Personal Security- common sense tips to improve your personal safety

Think about your safety everywhere you go, be alert and don’t assume you are safe. Avoid situations that could put you in danger so always be aware of your surroundings and the people walking near to you. If you think someone is following you turn around to look. Don’t be taken by surprise.

If someone stops to compliment you on an item of clothing or accessory, keep walking but stay observant. It is not important what a stranger thinks of your possessions. Do not let your vanity seduce you into this trap. Next realization you have will be in the back of a van or car trunk with a black bag over your head. If a stranger asks to use your phone walk away, turn around and tell them if it is an emergency you will call 911 for them, otherwise keep moving. Once they have your phone in their hand they could just walk away with it and you could not call 911.

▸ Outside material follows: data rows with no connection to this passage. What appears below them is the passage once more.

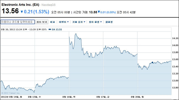 EA의 나스닥 증시 상황 (자료 출처: 야후 금융)
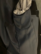 また、裏地には蓄熱保温効果により衣服内温度の上昇を促進する防寒機能素材の赤外線吸収裏地を使用してます。袖裏地はストライプ柄。脇汗止め仕様。センターベンツ仕様45,5cm
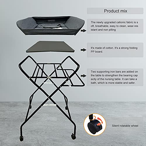 Holy Cat Baby Portable Changing Table with Wheels Adjustable Height Folding Infant Diaper Station Mobile Nursery Stand…
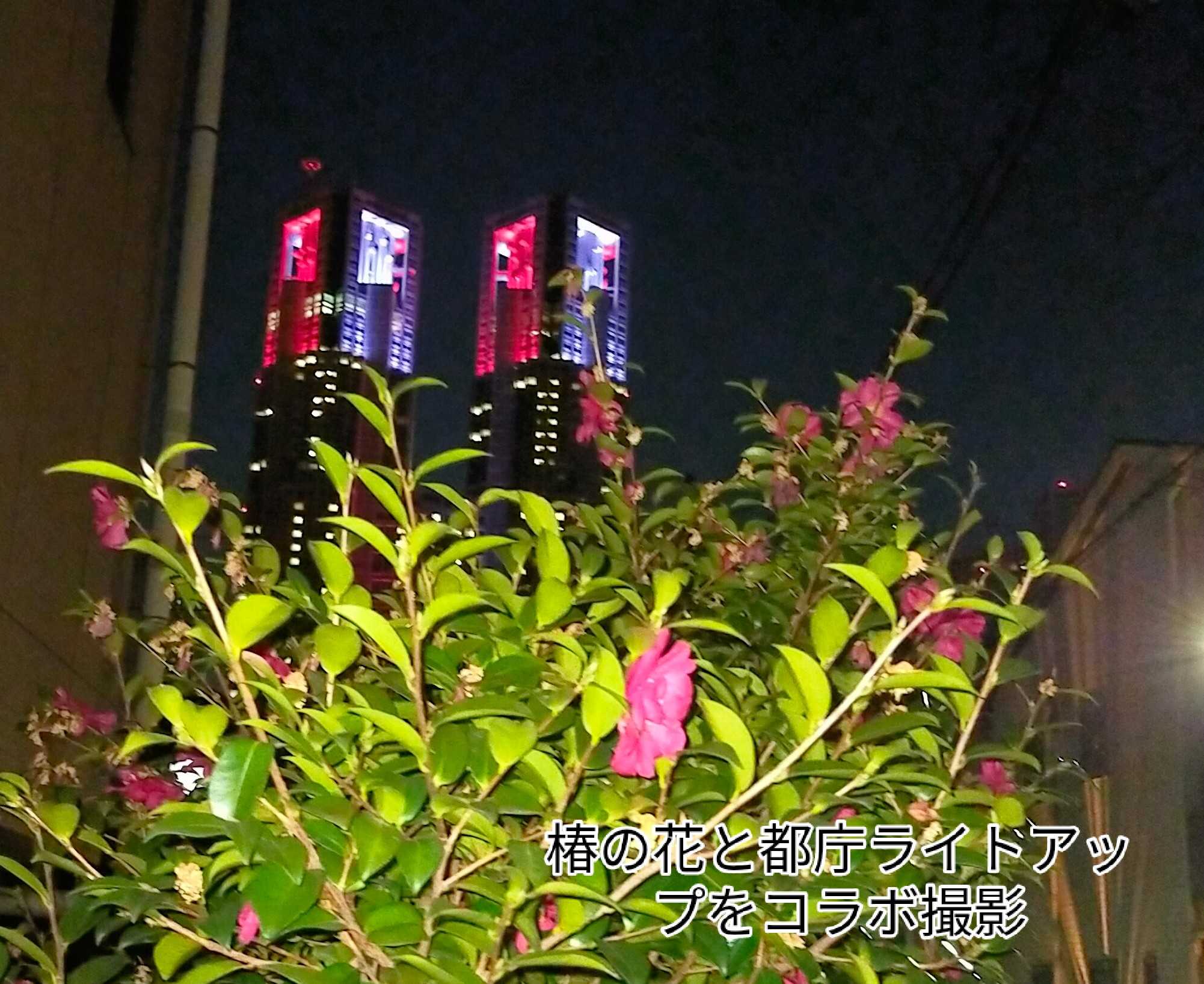 椿の花と都庁ライトアップをコラボ撮影しました スマホのミニフラッシュを使用して撮影しました
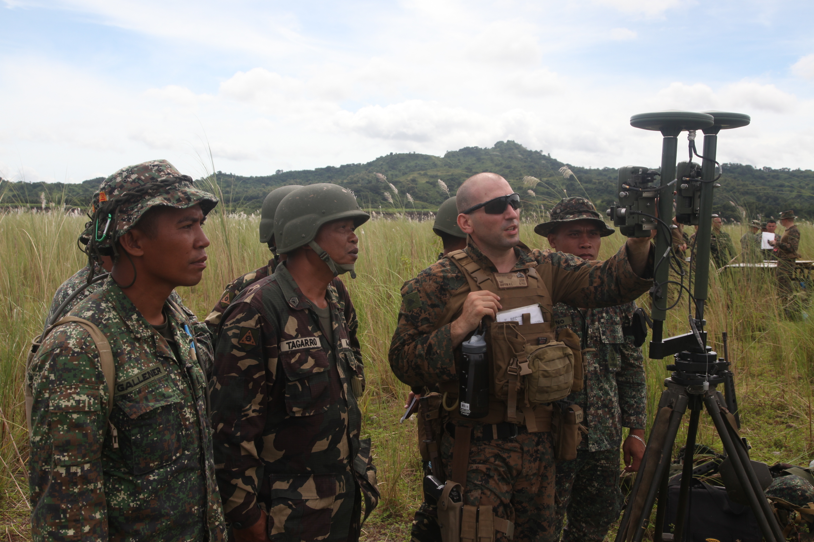 U.S. Marine Sgt. Reid L. Griffin discusses the purpose of establishing a proper orientation for directing a M101 105-mm Towed Howitzer with Philippine Marine and Army personnel during Amphibious Landing Exercise (PHIBLEX) 2014 at the Crow Valley Range Complex in Tarlac province, Republic of the Philippines. Bilateral Philippine-U.S. Marine Corps training sustains and reinforces the foundation and framework for a bilateral force to respond rapidly and effectively to regional humanitarian crises. Griffin is an artillery meteorological man with Battalion Landing Team 1st Battalion, 4th Marine Regiment, 13th Marine Expeditionary Unit. (Photo by Lance Cpl. David Hersey)
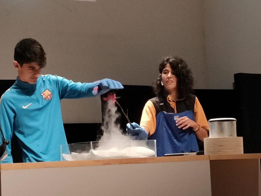 L’alumnat de 2n ESO ha fet una sortida al CosmoCaixa de Barcelona. Han gaudit de les múltiples exposicions permanents que hi ha i, posteriorment, han participat en un taller de Química, anomenat “Materials Sorprenents”, que consisteix en estudiar diferents propietats de la matèria, com es pot observar en les següents imatges.

Walk confidently at a steady pace and look alert. Walk on the side of the street facing the traffic. Don’t become distracted by crowded sidewalks, malls, or transportation stations, as pickpockets, purse snatchers or someone else might follow you. Don’t walk in isolated places at night by yourself. When you have to go out during the night wear bright coloured clothing and carry a flashlight. Avoid using alleyways, watch doorways and bushes as they are places of concealment.

Be alert when using public transport.Know the schedules so you don’t have to wait any longer than necessary at the bus stop, train or subway station.

If you take money out of an ATM, make sure you choose a machine in a well-lit place inside your own bank and check to make certain that the machine has not been tampered with. Scam artists and identity thieves are known to place small cameras and card readers on the ATM to steal your card number and video you pushing the keypad so they can learn your PIN.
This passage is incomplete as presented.